Problem to work on: Repeat the listing below in full and exactly, but without its pictures.

------ Dataset content

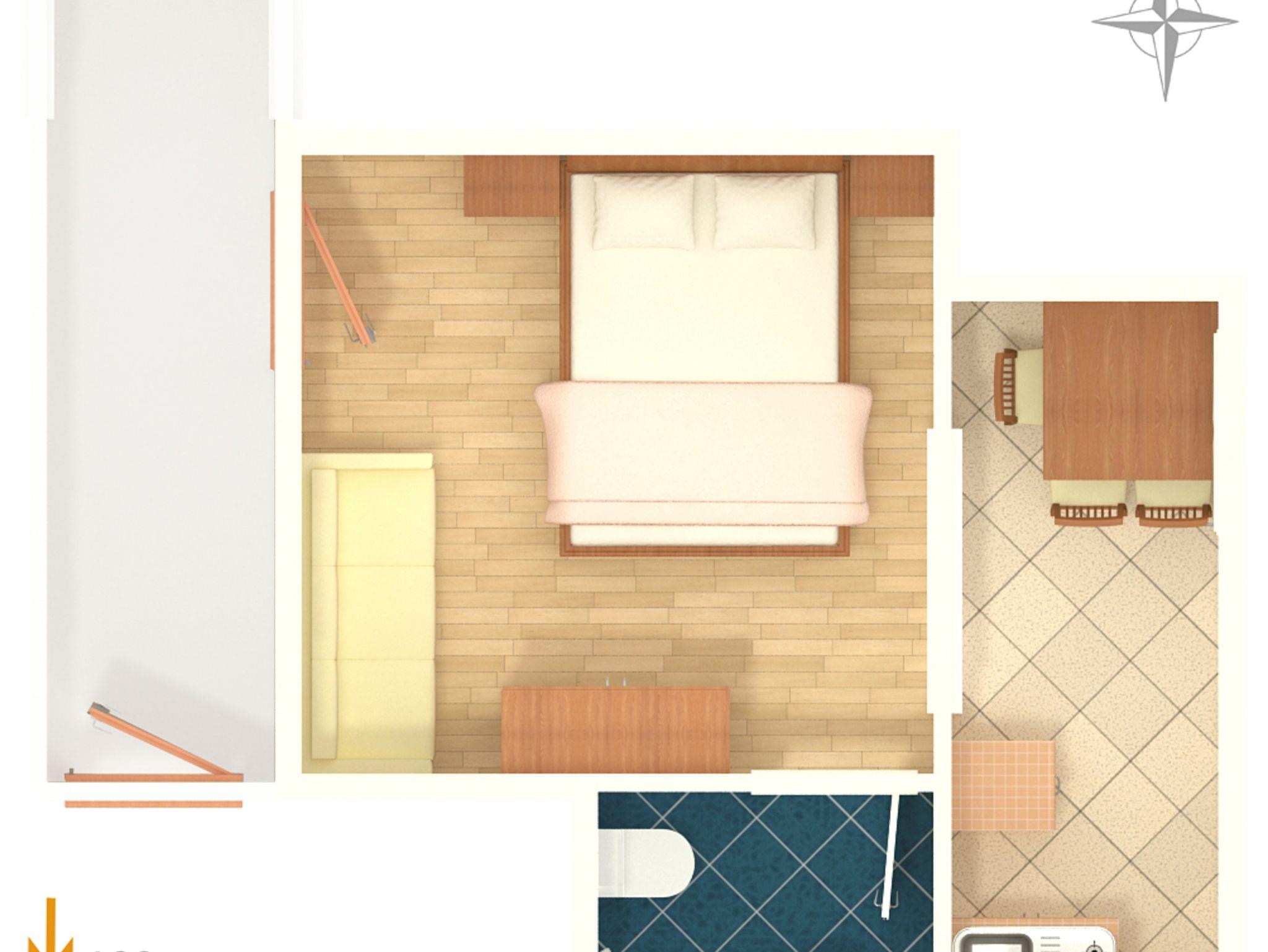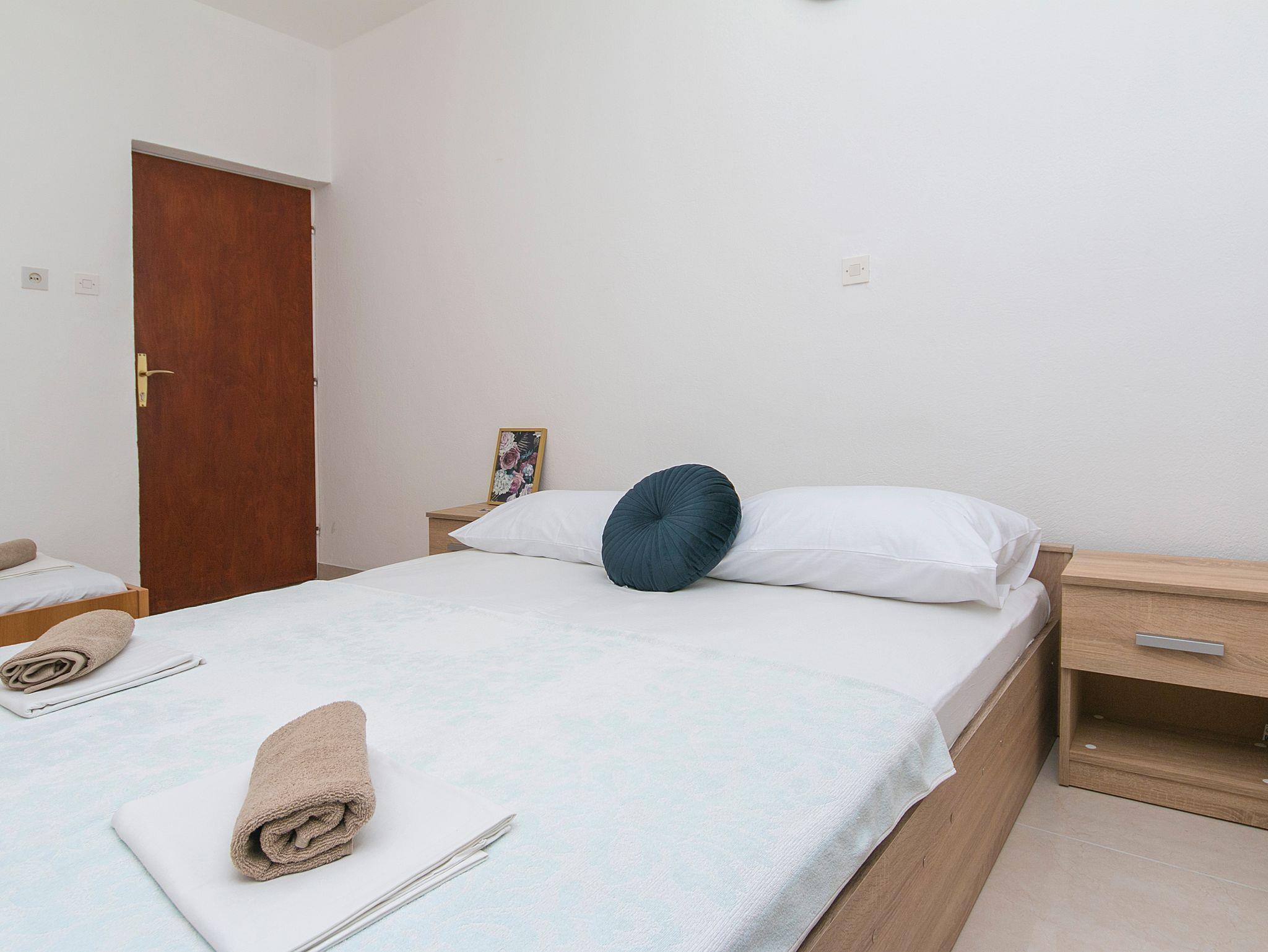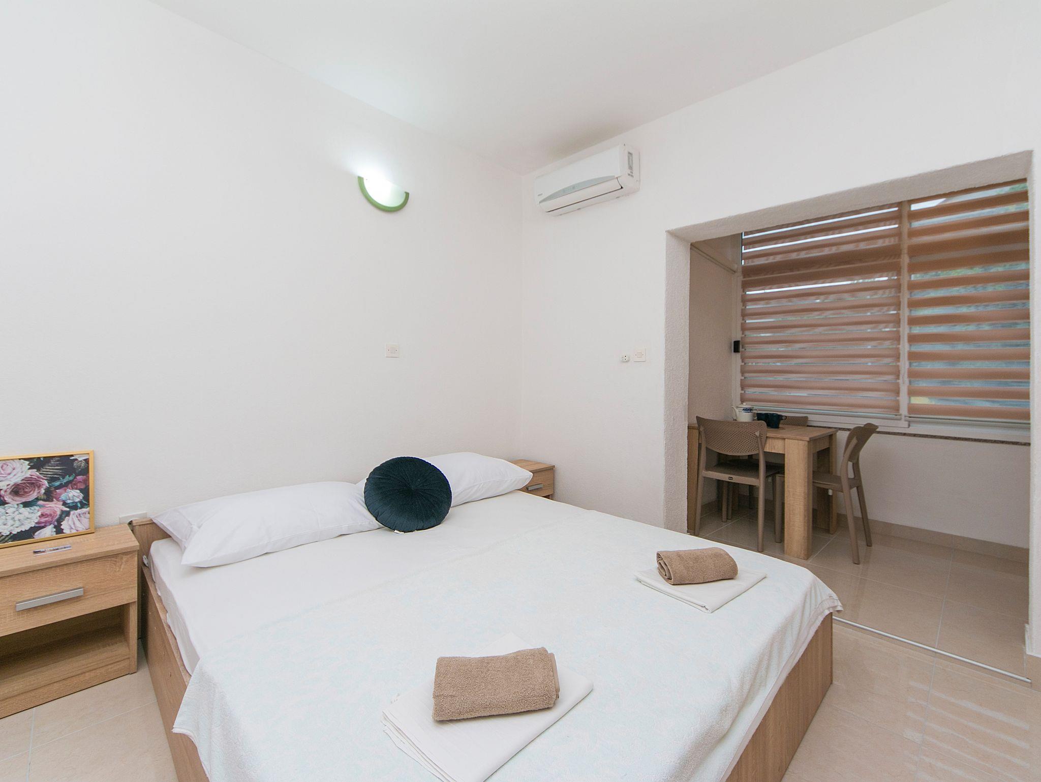 Studio bietet Platz für 3 Gäste. Die Betten sind in Schlafzimmern, die es 1 gibt, innerhalb einer Gesamtfläche von 19m2, angeordnet. Es ist erlaubt, Speisen auf dem Gemeinschafts-Grill vorzubereiten. Die reservierte Unterkunftseinheit hat keinen Balkon und keine Terrasse. IM PREIS INBEGRIFFEN: Kurtaxe, Endreinigung, Klimatisierung, Parkplatz, Internet, Bügeleisen, Bügelbrett, Föhn, tragbarer Grill. VERBINDLICHE ZUSÄTZLICHE KOSTEN: Aufzahlung für Kurzaufenthalte (prozentualer Zuschlag pro Nächtigungsanzahl: 30% - 1, 20% - 2, 10% - 3). UNVERBINDLICHE ZUSÄTZLICHE KOSTEN: Wäschewaschen (7,00 € Waschen), Zusatzbett (6,00 € pro Nacht). Die Verfügbarkeit zusätzlicher Dienstleistungen in Ihrem reservierten Termin und die Preise derselben (falls nicht aufgeführt) müssen im Voraus überprüft werden. Zusätzliche Dienstleistungen die in der Zahlungsaufforderung nicht aufgeführt sind werden direkt beim Vermieter bezahlt, angenommen der Gast nutzt auch diese. Ermäßigung auf den Grundpreis: Gratistag 28=25 (bei einem Aufenthalt von 28 oder mehr Tagen erhalten Sie 3 kostenlose Tage für den Aufenthalt bis 31.12.26).
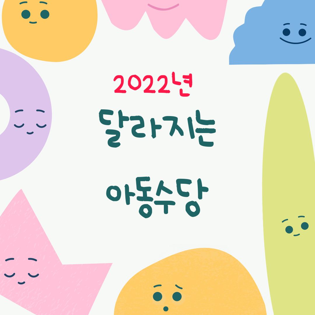2022년 아동수당의 지급 범위가 확대됨으로써 우리나라도 저출산 고령화 시대를 벗어날 수 있는 시대가 빠른 시일 내에 왔으면 좋겠습니다.
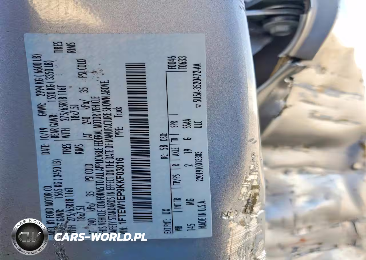 Copart Nr: C-79987855 VIN: 1FTEW1EP9KKF03016 Port: Indianapolis, IN
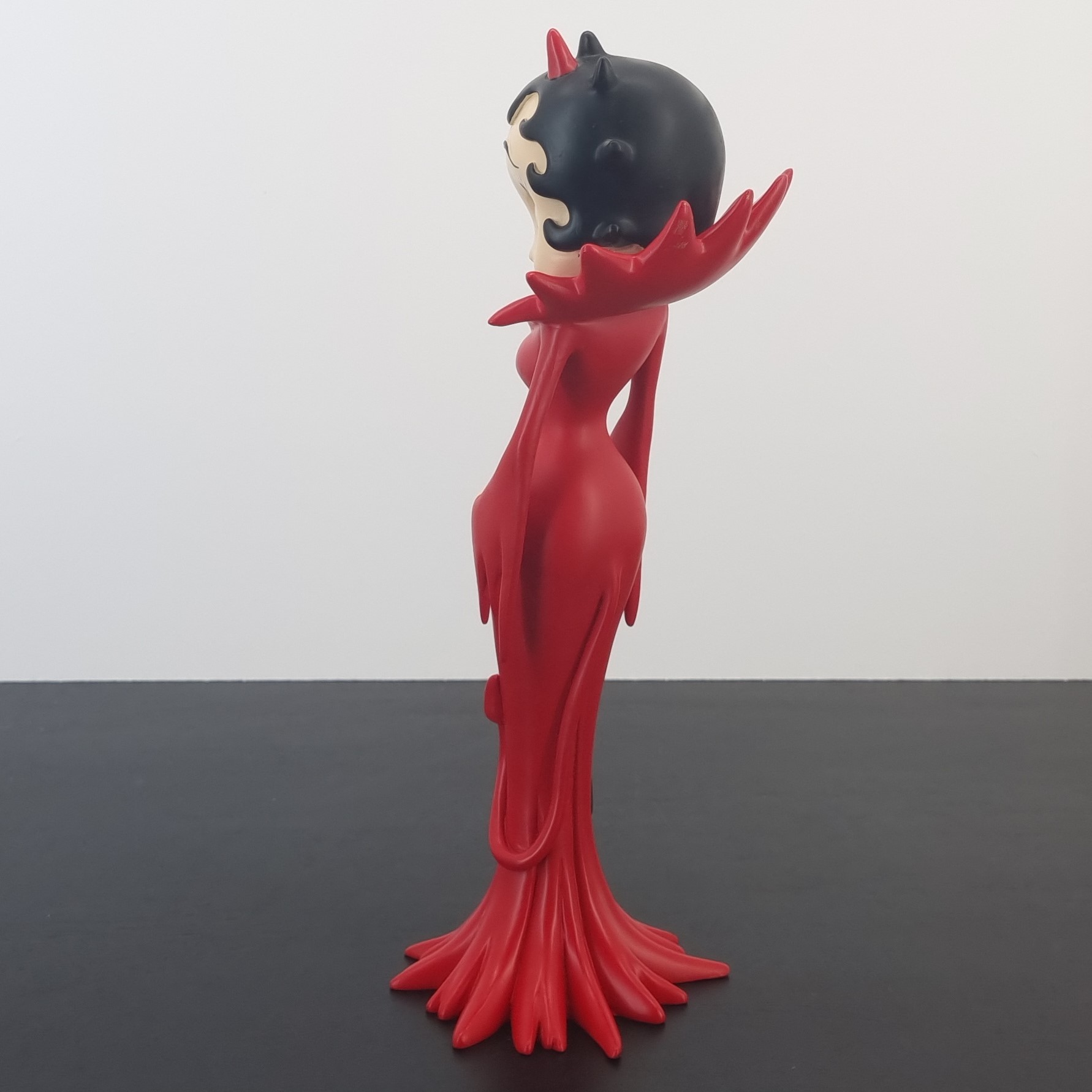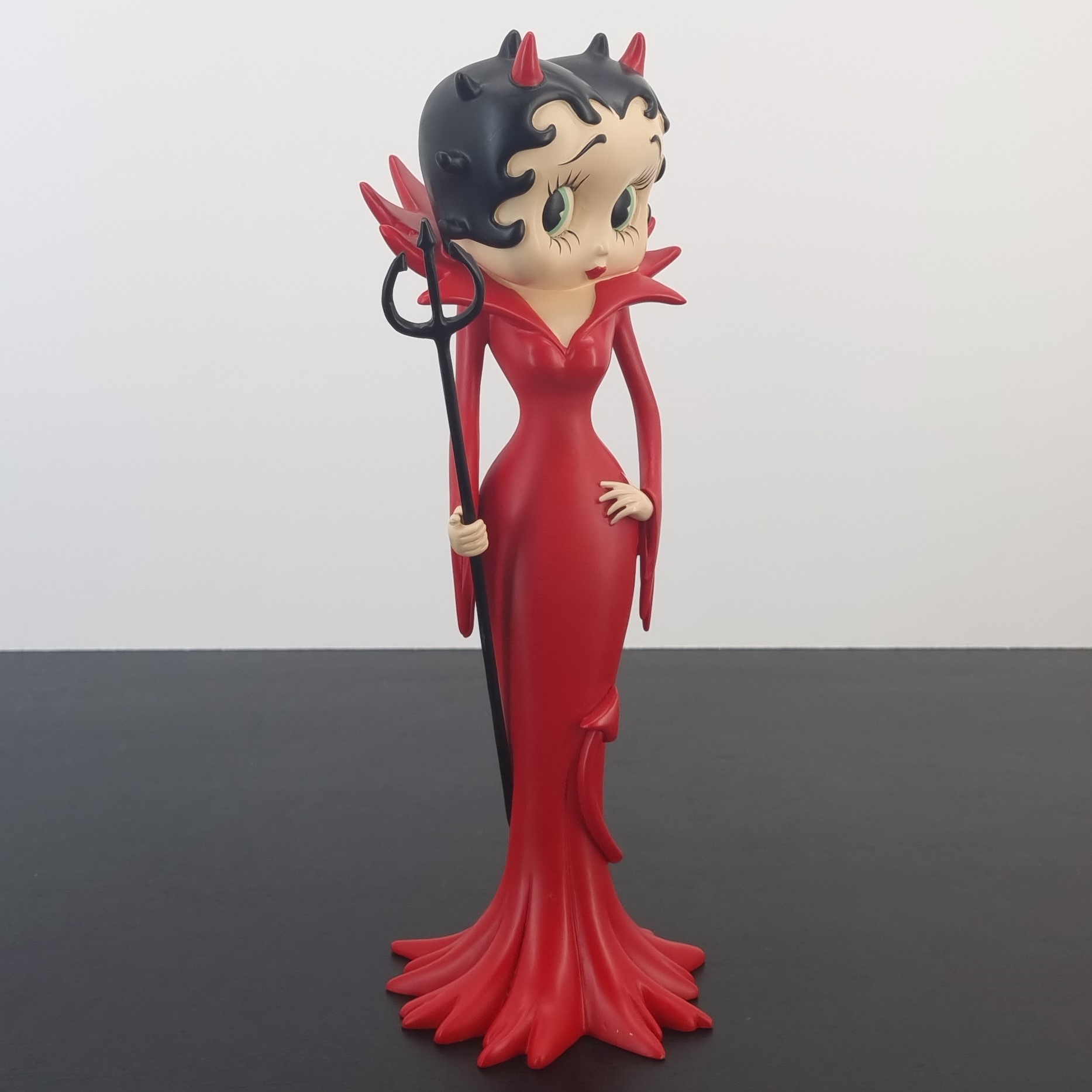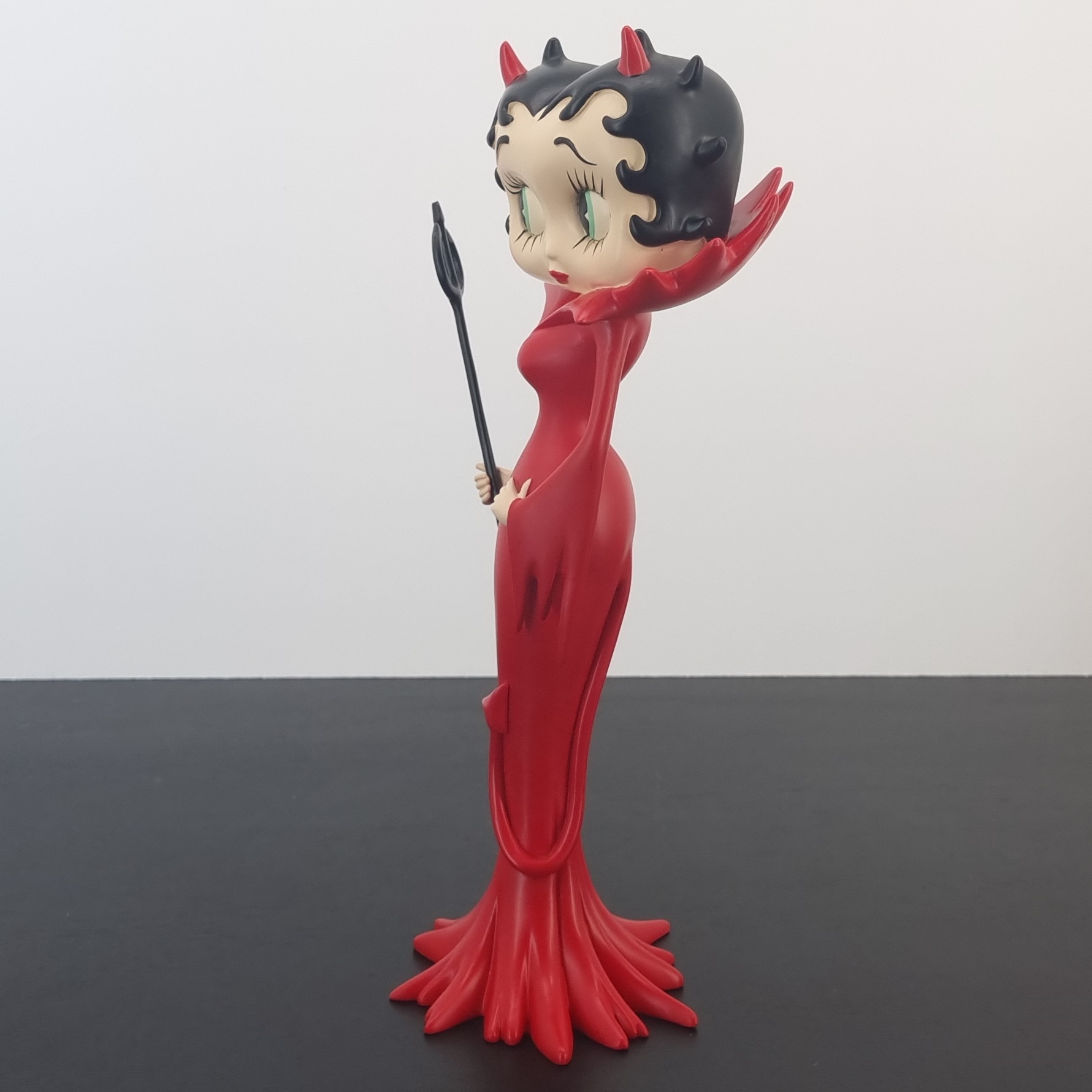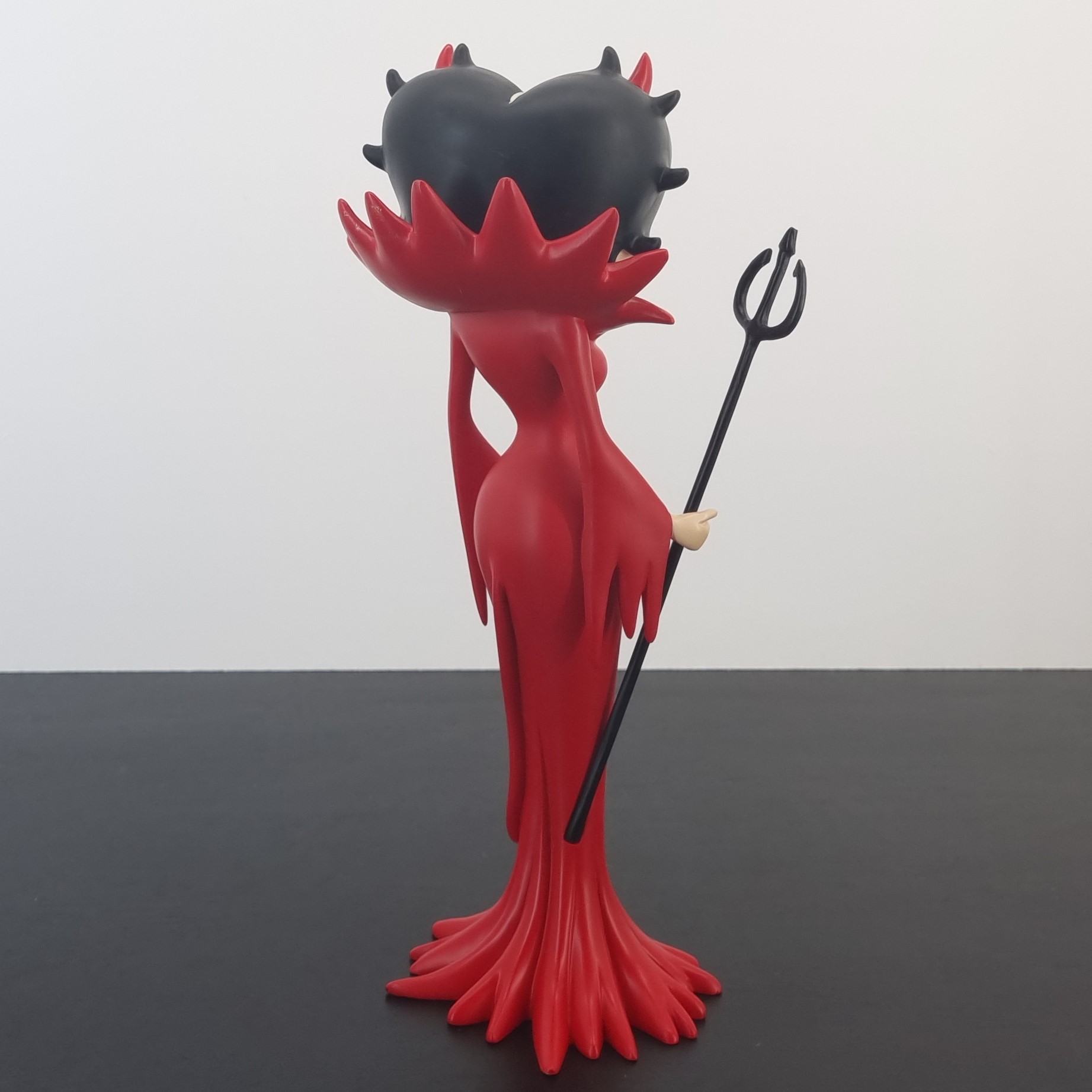 This vintage statue from Betty Boop was sculpted by Peter Mook under King Features’ license. It was taken in production by Rutten. Dates back to 2003. Crafted from durable resin, it remains in excellent condition. Unleash the mischievous charm of Betty Boop with this captivating statue of her dressed as a devil. Complete with a red outfit, horns, and a pitchfork, this piece is perfect for any fan of her iconic style. Add a touch of playful rebellion to your collection, celebrating the timeless allure of Betty Boop in a devilishly delightful way!

------------

Output of the exercise:
 Studio bietet Platz für 3 Gäste. Die Betten sind in Schlafzimmern, die es 1 gibt, innerhalb einer Gesamtfläche von 19m2, angeordnet. Es ist erlaubt, Speisen auf dem Gemeinschafts-Grill vorzubereiten. Die reservierte Unterkunftseinheit hat keinen Balkon und keine Terrasse. IM PREIS INBEGRIFFEN: Kurtaxe, Endreinigung, Klimatisierung, Parkplatz, Internet, Bügeleisen, Bügelbrett, Föhn, tragbarer Grill. VERBINDLICHE ZUSÄTZLICHE KOSTEN: Aufzahlung für Kurzaufenthalte (prozentualer Zuschlag pro Nächtigungsanzahl: 30% - 1, 20% - 2, 10% - 3). UNVERBINDLICHE ZUSÄTZLICHE KOSTEN: Wäschewaschen (7,00 € Waschen), Zusatzbett (6,00 € pro Nacht). Die Verfügbarkeit zusätzlicher Dienstleistungen in Ihrem reservierten Termin und die Preise derselben (falls nicht aufgeführt) müssen im Voraus überprüft werden. Zusätzliche Dienstleistungen die in der Zahlungsaufforderung nicht aufgeführt sind werden direkt beim Vermieter bezahlt, angenommen der Gast nutzt auch diese. Ermäßigung auf den Grundpreis: Gratistag 28=25 (bei einem Aufenthalt von 28 oder mehr Tagen erhalten Sie 3 kostenlose Tage für den Aufenthalt bis 31.12.26).
2022년 아동수당의 지급 범위가 확대됨으로써 우리나라도 저출산 고령화 시대를 벗어날 수 있는 시대가 빠른 시일 내에 왔으면 좋겠습니다.
 Copart Nr: C-79987855 VIN: 1FTEW1EP9KKF03016 Port: Indianapolis, IN
 This vintage statue from Betty Boop was sculpted by Peter Mook under King Features’ license. It was taken in production by Rutten. Dates back to 2003. Crafted from durable resin, it remains in excellent condition. Unleash the mischievous charm of Betty Boop with this captivating statue of her dressed as a devil. Complete with a red outfit, horns, and a pitchfork, this piece is perfect for any fan of her iconic style. Add a touch of playful rebellion to your collection, celebrating the timeless allure of Betty Boop in a devilishly delightful way!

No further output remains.